新座の映画館なので「平場の月」推しで、
館内にTOKYOタクシーのポスター1個もなかったけどな…。

初めて好きになった芸能人は木村拓哉さんです。私が9歳の時でした。
この人はカッコいいんだよなあー。
まあSMAPファンとしては複雑な気持ちはありますけど、
木村さんがタクシーの運転手をやる!というので楽しみにしておりました。わたくしタクシードライバーを通算9年やっております。
ネタバレなしで感想言うの難しいんだけど頑張って書きますね
端的に言うと「3回泣きました!!」
2回目と3回目はボロボロ泣きました。3回目は後ろからも泣いてる声がちらほら聞こえました。
まずは、木村さん演じる宇佐美浩二さんの良いパパぶりが見れるシーンから始まります。
この人はパパでもカッコいいんだよなあーとか、
一晩働いてヘトヘトになってその売り上げなら、うちの会社に来たほうが稼げるんじゃない?とか思いながら始まりました。(個人タクシーの手取りってどれくらいか知らないけどさ)
でもヘトヘトになるのわかる。完全歩合制ってきついんよなあ…。家族がある人ならなおさらかと思います。
倍賞千恵子さん演じるすみれさんを乗せたとき、
「長距離ラッキー! でもこんな偏屈ばばあ長時間乗せるのしんどいなあ」って気持ちが手に取るようにわかりました。
それを取り繕うにも宇佐美さんは不器用なので、だからすみれさんは心を開くことができたのかもしれないなあ。
お互い徐々に心を開いていくさまを演じられる木村さんと倍賞さんはさすがだなあ。
お互い徐々に心を開きながら、東京の街を走りながら、
85歳のすみれさんが若いころの話をするわけですけど、
そのころは現代から見たら女性の人権なんかない時代だったんだなあ。と、話を聞いてて私は思いました。
そんな中で必死に生き抜いてきた女性の激動の人生。
東京のきれいな景色を走りながら、それが繰り広げられます。
旅情たっぷりでした。人生と旅を重ねるこういう映画大好き!
いろんなインタビューで言ってますけど、
街を走りながら話をするシーンは全部スタジオの中で撮ったんですってね。風景はあとから合成したんですってね。
できればその話は知りたくなかったなあ…木村さんと倍賞さんが実際に東京の街を走りながら話をしたと思いたかった。まあそんなことしたら危ないだろうけどさ。
2025.11.27追記
あとから合成じゃないんですってね!すいません!
景色を先に撮ってきてそれに合わせてスタジオで演技したんですね。新しい技術だからスタッフさんも演者さんも大変だったとか。

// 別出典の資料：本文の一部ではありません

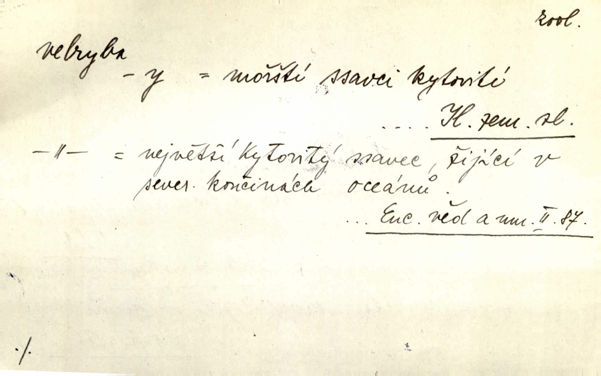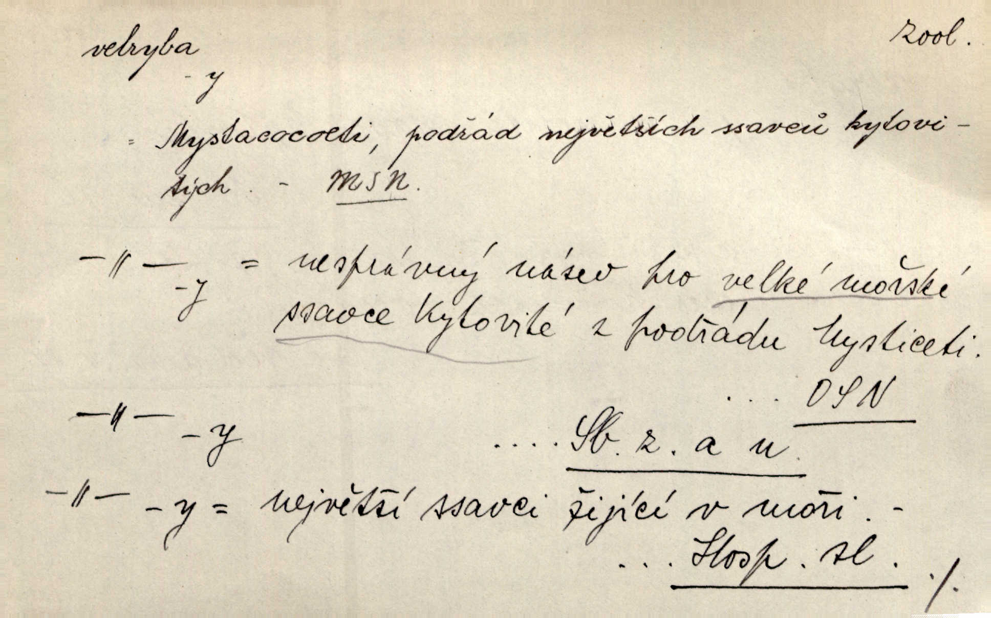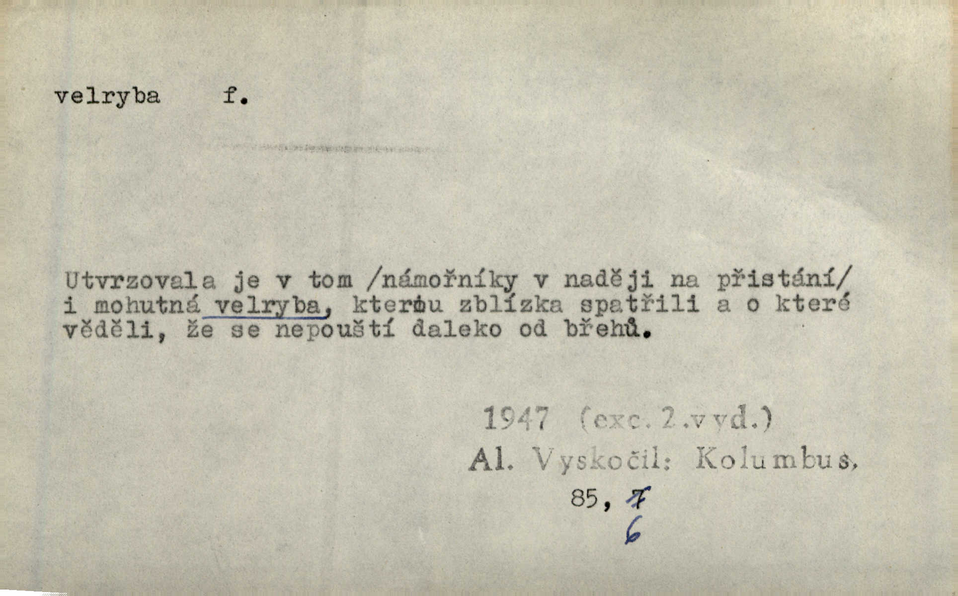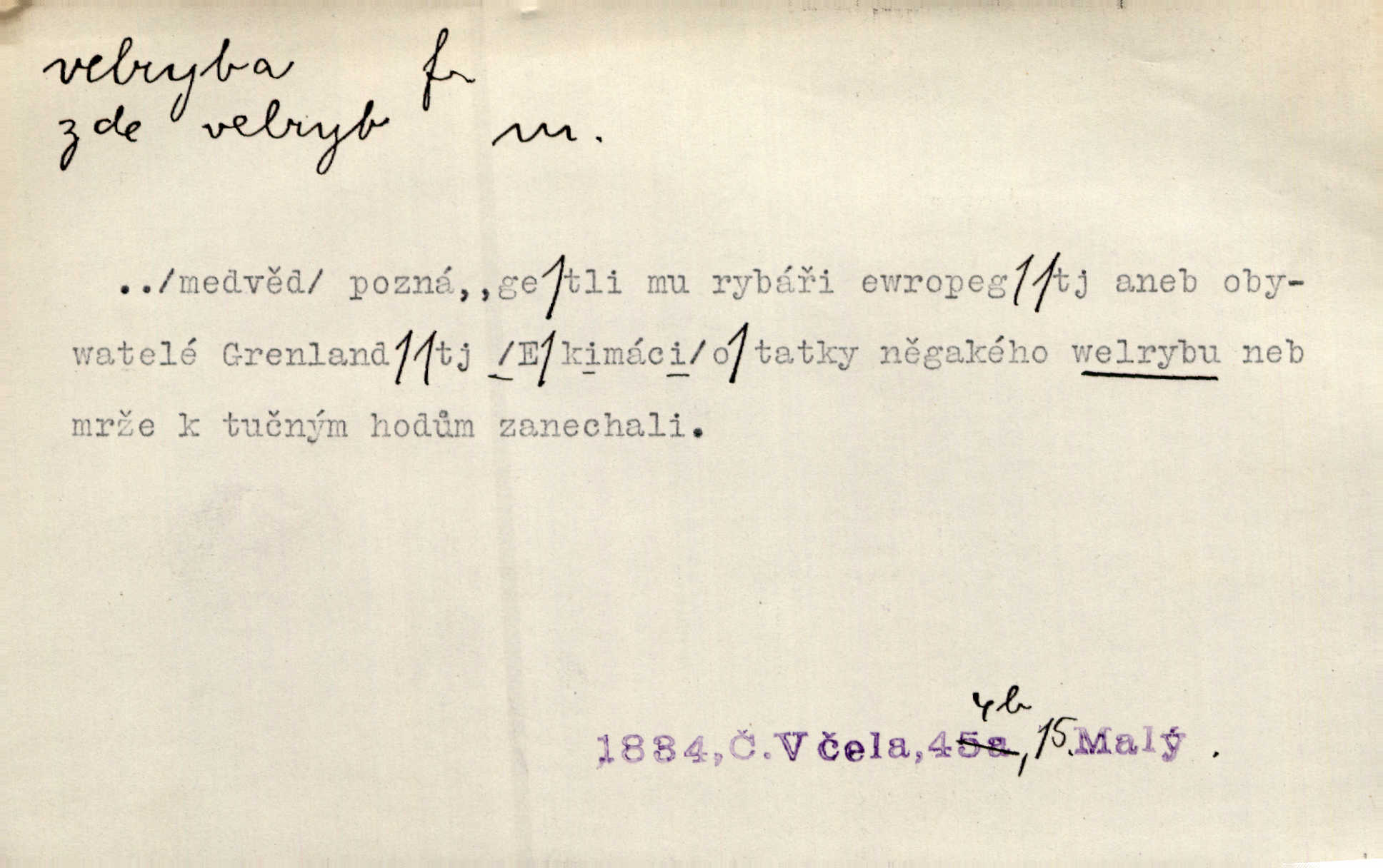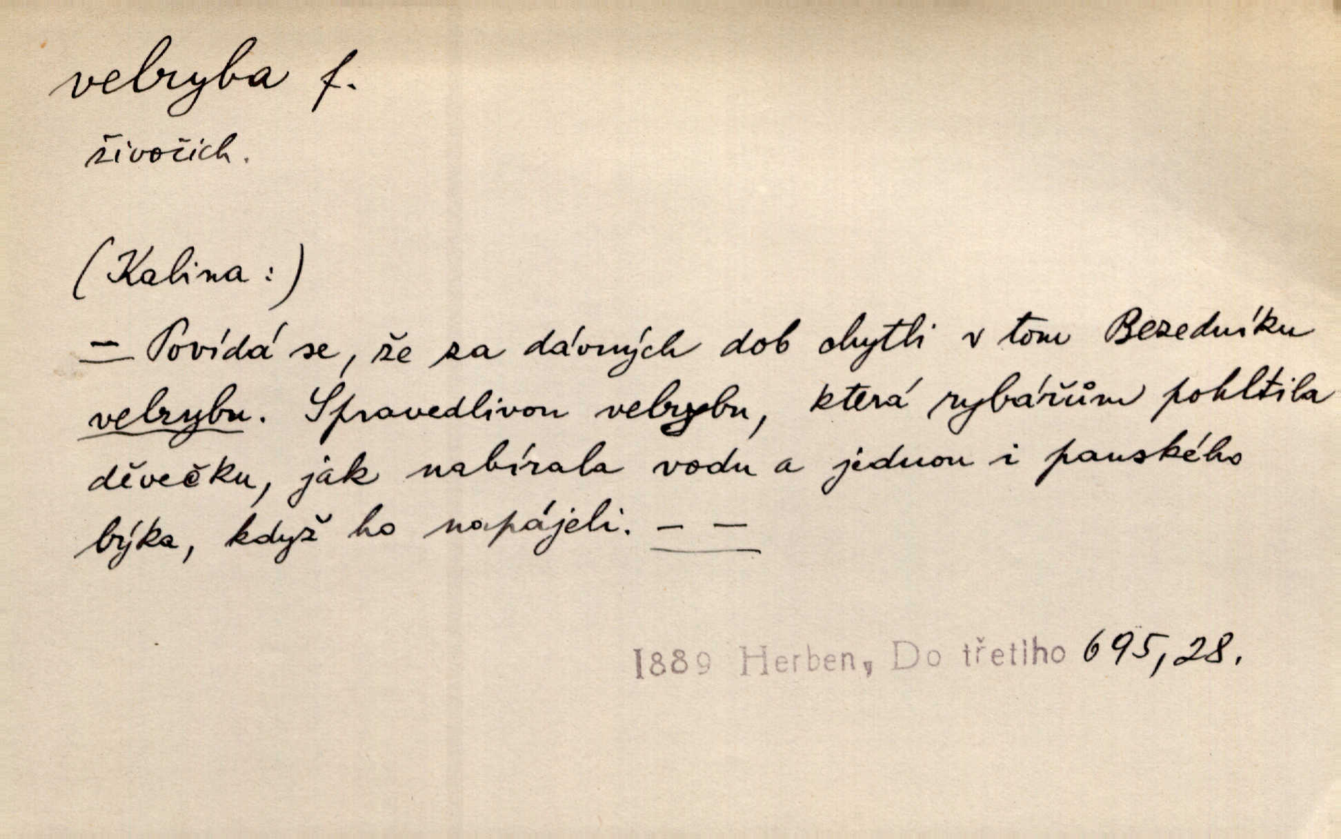 - velryba, -y f. velký mořský ssavec kytovitý. Zamířil do Gronska, kde se oddal lovu velryb a tuleňů. Herrm. Nad ním ve vzduchu orel plul, pod ním velryby pluly. Slád. Vždyť je ten ochlasta jako ta velryba Jonášova, jak živ nemá dost. Šmil. Přen. A temné vody německé autarkie sloužily výkrmu jen největších a nejkrutějších velryb mamutích průmyslových podniků. R. právo. Zool. rod ssavců z čeledi Balaenidae, Balaena; velryba gronská. Astron. Velryba souhvězdí jižní oblohy, Cetus.

それなら木村さんと倍賞さんが景色見ながら話してたんだなー。
東京から横浜にかけての美しい景色と、
予告動画でも言ってた浩二さんのセリフ
「今生きてるから、この景色を見ることができるんです」
この言葉とともに旅は終わります。
すみれさんの最後の旅が、少しの未練と期待をのせて切なく終わったあと、
浩二さんの人生はまだこの先も続いていくわけです。
これが苦しくて、ええっこれでこの映画終わりじゃないよね?と思ったら、
まだこの先にこんな展開があるなんて!!
まだひとドラマティックあるなんて山田洋次さんさすがやん!!
ひとりの女性の壮絶な人生を旅情とともに語ったあと、
また人生は次の世代に引き継がれていくんですね。
そうして旅はまだまだ続いていくんですね。
そんなふうにこの映画は終わりました。
すごかったなあ…。
実際のタクシーではこんなドラマティックな1日はまずないだろうけど、
よく覚えているお客さんは何人かいます。
悪い意味でよく覚えている客も何人かいます。
イヤなこともいろいろあるけど、なんだかんだで85年くらい生きたら、
最後にこんな素敵な旅ができるくらいの人生を送りたいなあ。
寅さんの映画って観たことないんですけど、
倍賞千恵子さんってずっと寅さんのヒロインをされてたんですよね?
(あ、今調べたら寅さんの妹なのか)
その倍賞さんがこんなふうにドラマティックに最後の旅を終えるなんて。
寅さんのファンの方はグッとくるんじゃないかなあ。いいなあ。ちょっとでも観とけばよかったなあ。
ちょっとしたコミカルもよかった
倍賞さんのちょっとしたコミカルもかわいいけど、
明石家さんまさんというビッグネームを声だけで出演させるとはどういうことだ?と思ってました。
この絶妙なコミカルのためだったんですね!
さすがだなあー。シリアスなのに一瞬クスっと笑えるの。絶妙な間がさすがだなあー。
この映画を観ようと思っているタクシードライバーの方へ
「そんな長距離走ってお代はちゃんともらえるのか?」
と心配されていることかと思います。
その心配は最後にきっちり解消されますのでご安心ください。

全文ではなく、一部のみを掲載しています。